I particularly identified with the implications in my own field, political science: The antifragile is as an intriguing blueprint for nations, institutions, and even individuals amid uncertainty and disorder. In a G-Zero world with a growing leadership vacuum and shocks — political, economic, or environmental — that will become more frequent (though no more predictable), those who can build up their antifragility are poised for success.
Michael Dobbs, blogger
Catherine the Great: Portrait of a Woman, by Robert K. Massie (2012)

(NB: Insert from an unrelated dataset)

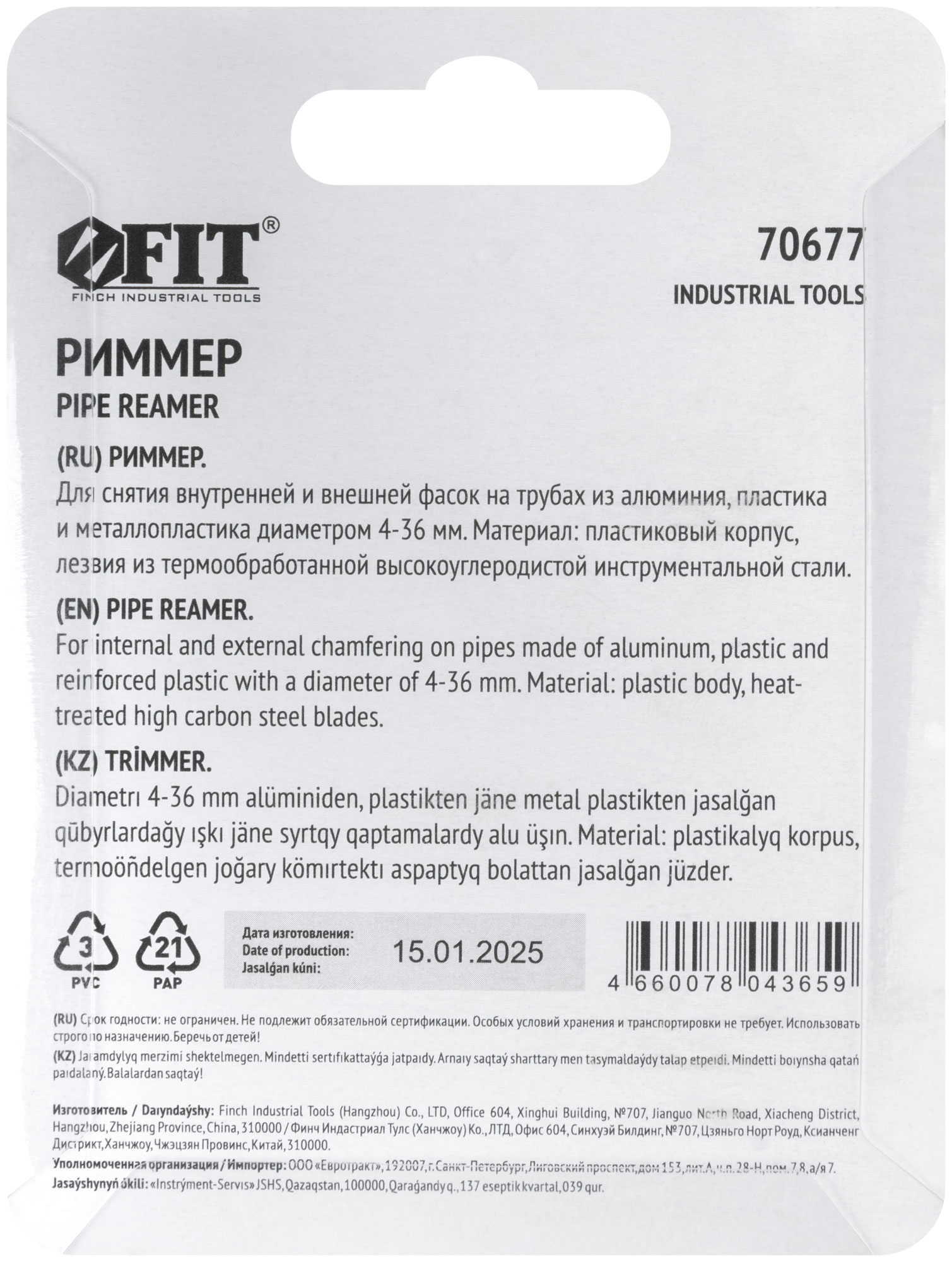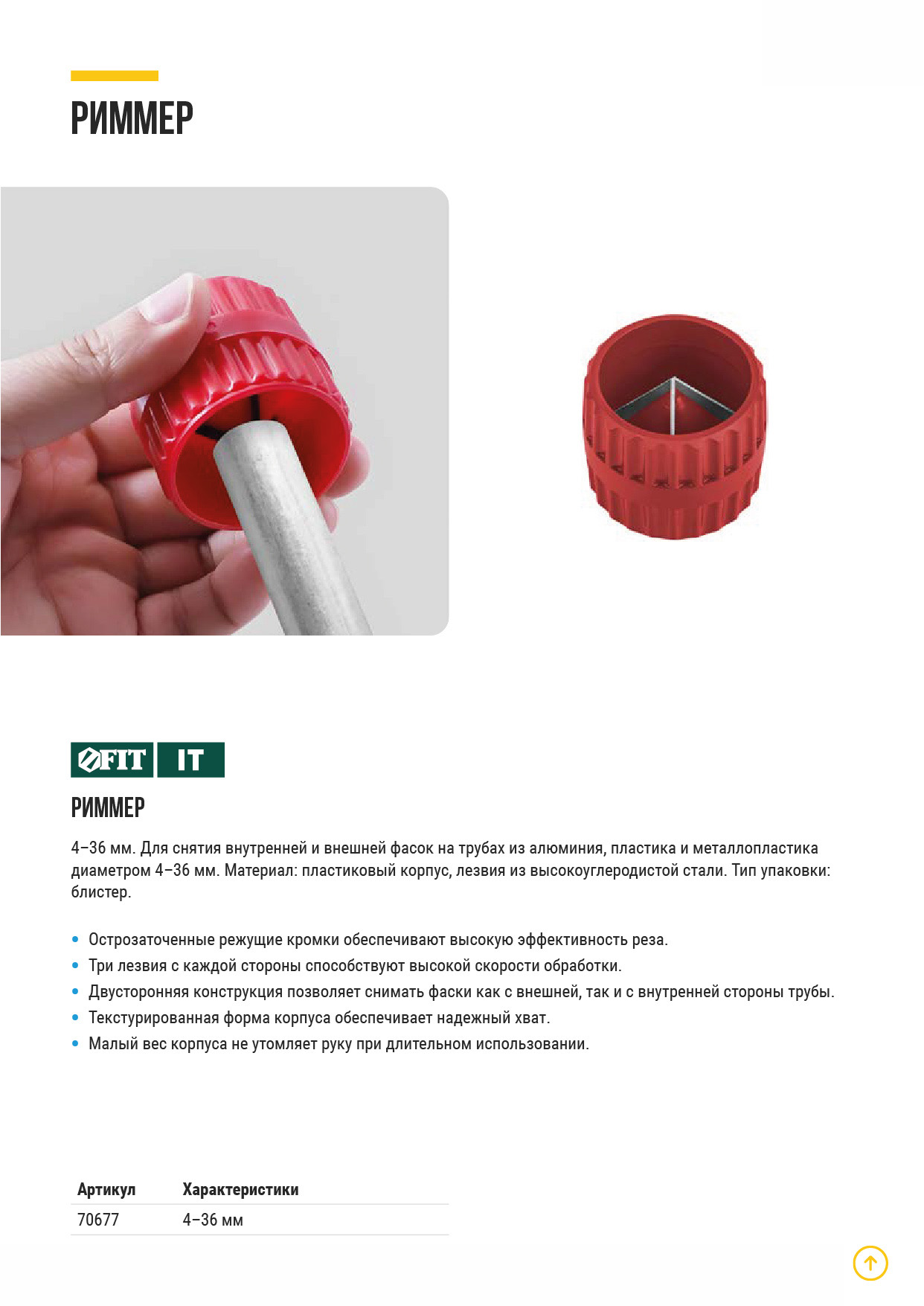 Для снятия внутренней и внешней фасок на трубах из алюминия, пластика и металлопластика диаметром 4-36 мм. Материал: пластиковый корпус, лезвияиз высокоуглеродистой стали. Упаковка: блистер.

The most topical book about foreign affairs that I read in 2012 was Robert K. Massie’s biography of an 18th-century Russian empress, Catherine the Great. Follow Catherine’s transformation from a product of the European Enlightenment to an all-powerful autocrat, and you have the perfect explanation for Russia’s reversion to type after the promise and turmoil of the glasnost era. With his absorbing narrative, Massie describes how Catherine arrived in Russia with liberal ideas and became the friend and heroine of Enlightenment figures like Voltaire and Diderot. But the need to defend a vast territory from internal and external enemies caused the German-born princess to wage a Chechnya-like campaign against secessionist regions and turn into a Russian nationalist, drawing support from conservative institutions such as the Russian Orthodox Church. Analysts of the Putin era, take note.
Peter Feaver, blogger
Confront and Conceal: Obama’s Secret Wars and Surprising Rise of American Power, by David Sanger (2012)

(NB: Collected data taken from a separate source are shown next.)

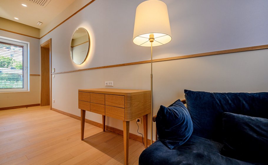 On the lower ground floor, we will find a Spa & Wellness area with a sauna and a separate shower and toilet, a relaxation area with a massage table, a room for technical equipment, and an indoor garage.
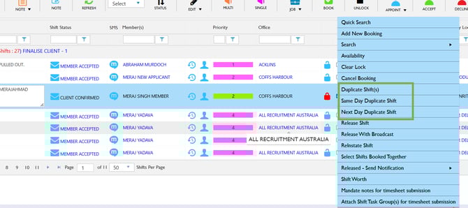 To create a duplicate shift, simply right-click on the desired shift and choose one of the following options: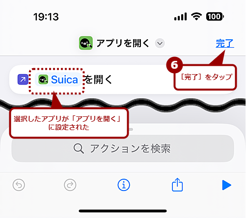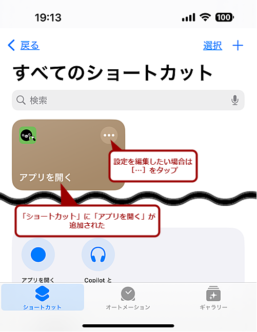 これで「ショートカット」アプリの「アプリを開く」に選択した電子マネーの決済アプリなどが割り当てられる。作成された「アプリを開く」の右上にある[…]アイコンを長押しして、[名称変更]を選択して、ショートカットの名称をアプリ名などに変更しておくと、「アプリを開く」のショートカットを複数作成した場合に、どのアプリの「アプリを開く」なのか分かりやすくなる。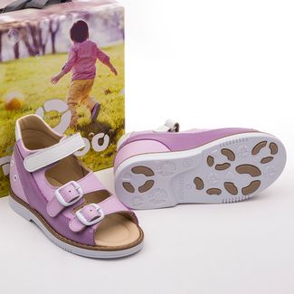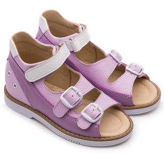 Оригинальные сандалии с открытым носом из гладкой кожи нежных сиреневых цветов с миниатюрными пряжками на ремешках для ежедневной профилактики плоскостопия. Застежка на липучку для наилучшей фиксации ножки ребенка. Широкий, устойчивый каблук, специальной конфигурации «каблук Томаса». Каблук продлен с внутренней стороны до середины стопы, чтобы исключить вращение (заваливание) стопы вовнутрь (пронационный компонент деформации, так называемая косолапость, или вальгусная деформация). Многослойная, анатомическая стелька со сводоподдерживающим элементом для правильного формирования стопы. Благодаря использованию современных внутренних материалов позволяет оптимально распределить нагрузку по всей площади стопы и свести к минимуму ее ударную составляющую. Жесткий фиксирующий задник с удлиненным «крылом» надежно стабилизирует голеностопный сустав во время ходьбы, препятствуя развитию патологических изменений стопы. Упругая, умеренно-эластичная подошва, имеющая перекат позволяющий повторить естественное движение стопы при ходьбе для правильного распределения нагрузки на опорно-двигательный аппарат ребенка. Подкладка из кожи теленка без швов. Внимание! Фактический цвет изделия может незначительно отличаться от цвета на фотографии в связи с особенностями цветопередачи различных цифровых устройств. None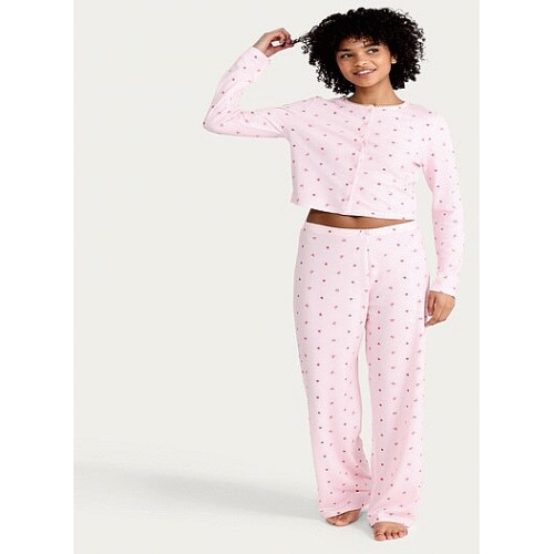 OH ME OH MY Ribbed Heart Bow Print Pyjama Bottoms in Pink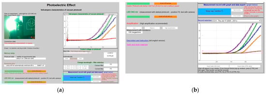 (a) Graphical interface of the experiment for determining the I–V characteristics of a vacuum photocell [31]. (b) Measurement-saving window with the data curves displayed [31].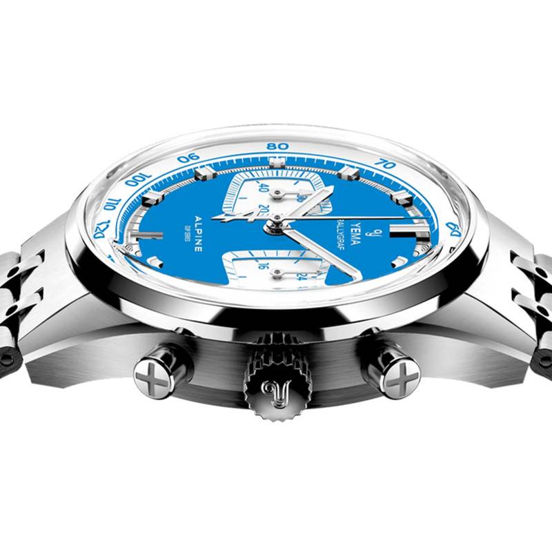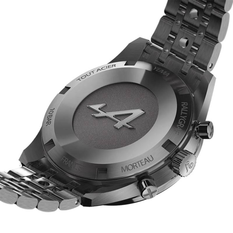 La montre Yema Rallygraf Alpine Cup Series incarne le mariage parfait entre sportivité et élégance. Fruit d’une collaboration étroite entre YEMA et le championnat Alpine Elf Cup Series, ces éditions spéciales incarnent la rencontre entre savoir-faire horloger et esprit de compétition automobile. Le boîtier rond, d'un diamètre de 39 mm et d'une épaisseur de 10,20 mm, est façonné en acier inoxydable 316L. Le style global de la montre se veut sportif avec une touche rétro, illustré par l'alternance subtile de finitions polies et brossées. Le fond de la boîte est vissé, assurant une meilleure étanchéité et protégeant efficacement le mécanisme interne. La montre est complétée par une lunette polie, créant un contraste visuel saisissant et ajoutant une profondeur esthétique à l'ensemble.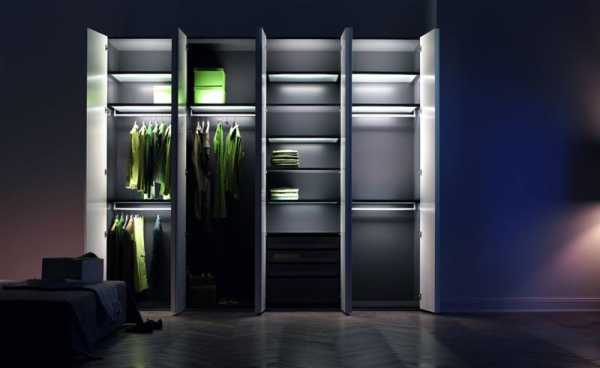 Есть шкафы с шуфлядками и ящиками, оснащенными специальным датчиком для удобного открывания. Внутри шкафа может быть светодиодный светильник. Наконец, самые интересные варианты могут быть связаны с фасадом шкафа.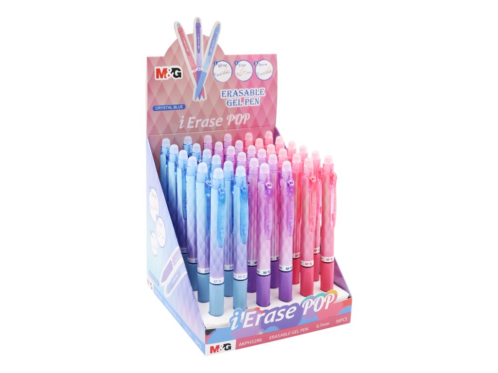 Gumovací roller od značky M&G, ktorý sa predáva v troch farebných prevedeniach. Farba náplne je modrá. Stopa hrotu je 0,7 mm. Klip slúži na vysunutie hrotu von a zasunutie zasa nazad do tela pera.Dodatočné parametre

The book that had the biggest impact on my thinking this year was David Sanger’s Confront and Conceal. As I wrote in an earlier blog post, Sanger adopts a very sympathetic tone, and clearly comes away with a favorable view of Obama’s strategic approach. But he is an honest enough writer that he describes wart after wart and the cumulative effect is, in my opinion, quite damning. Heading in to 2013, virtually every one of the strategy lines Sanger reports on in the book is unraveling. It is not too much of a stretch to say that 2013 will be spent trying to forge new strategies for each of the security challenges Sanger identifies. Bottom line: If you want to understand why things look so bleak on the national security front, read this book.
Will Inboden, blogger
Nuclear Statecraft: History and Strategy in America’s Atomic Age, by Francis Gavin (2012)

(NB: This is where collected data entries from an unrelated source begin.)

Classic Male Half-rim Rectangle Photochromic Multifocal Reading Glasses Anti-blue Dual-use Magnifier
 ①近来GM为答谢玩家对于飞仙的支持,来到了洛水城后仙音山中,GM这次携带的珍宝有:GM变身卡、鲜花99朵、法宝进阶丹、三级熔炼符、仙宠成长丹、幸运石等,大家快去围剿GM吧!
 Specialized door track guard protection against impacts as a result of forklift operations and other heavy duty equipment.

Almost seven decades into the nuclear age, we still know a lot less about nuclear weapons and foreign policy than we may think — or at least that is one of several surprising and compelling arguments in Francis Gavin’s new book Nuclear Statecraft: History and Strategy in America’s Atomic Age. Much of the academic scholarship in this field has been dominating by political science, which in turn has focused either on abstract theories of nuclear use and non-use, or quantitative modeling that is methodologically esoteric and based on very limited data sets. To this intellectual milieu, Gavin (who in full disclosure is a colleague of mine at the Robert S. Strauss Center for International Security and Law here at the University of Texas-Austin) brings instead the historian’s method of archival research to his fascinating and impressive study. Using newly declassified documents, he opens an entirely new dimension to our understanding of nuclear statecraft, past and present. In the process this book challenges much of the received wisdom on nuclear history and statecraft, whether the “myth of flexible response,” the illusory stability of the Cold War, or the various shibboleths held by all sides on the nonproliferation debate. As nuclear issues in places like North Korea, Iran, and Pakistan continue to dominate headlines and fill policymakers’ inboxes today, Gavin’s timely book brings welcome perspective and insight.
Clyde Prestowitz, blogger
Producing Prosperity: Why America Needs a Manufacturing Renaissance, by Willy Shih and Gary Pisano (2012)
This book is about the great importance of manufacturing for a nation’s long-term prosperity. It particularly makes the point that many worker skills are learned on the job and that there is no substitute for manufacturing in learning certain critical skills that are applicable across a wide range of industries. Producing Prosperity further argues that R&D and innovation are disproportionately supported by manufacturing and that innovation is as much a matter of what happens on the factory floor as it is a matter of what happens in the research lab. The book undercuts a lot of conventional wisdom and orthodox policy thinking, particularly with regard to globalization and international trade.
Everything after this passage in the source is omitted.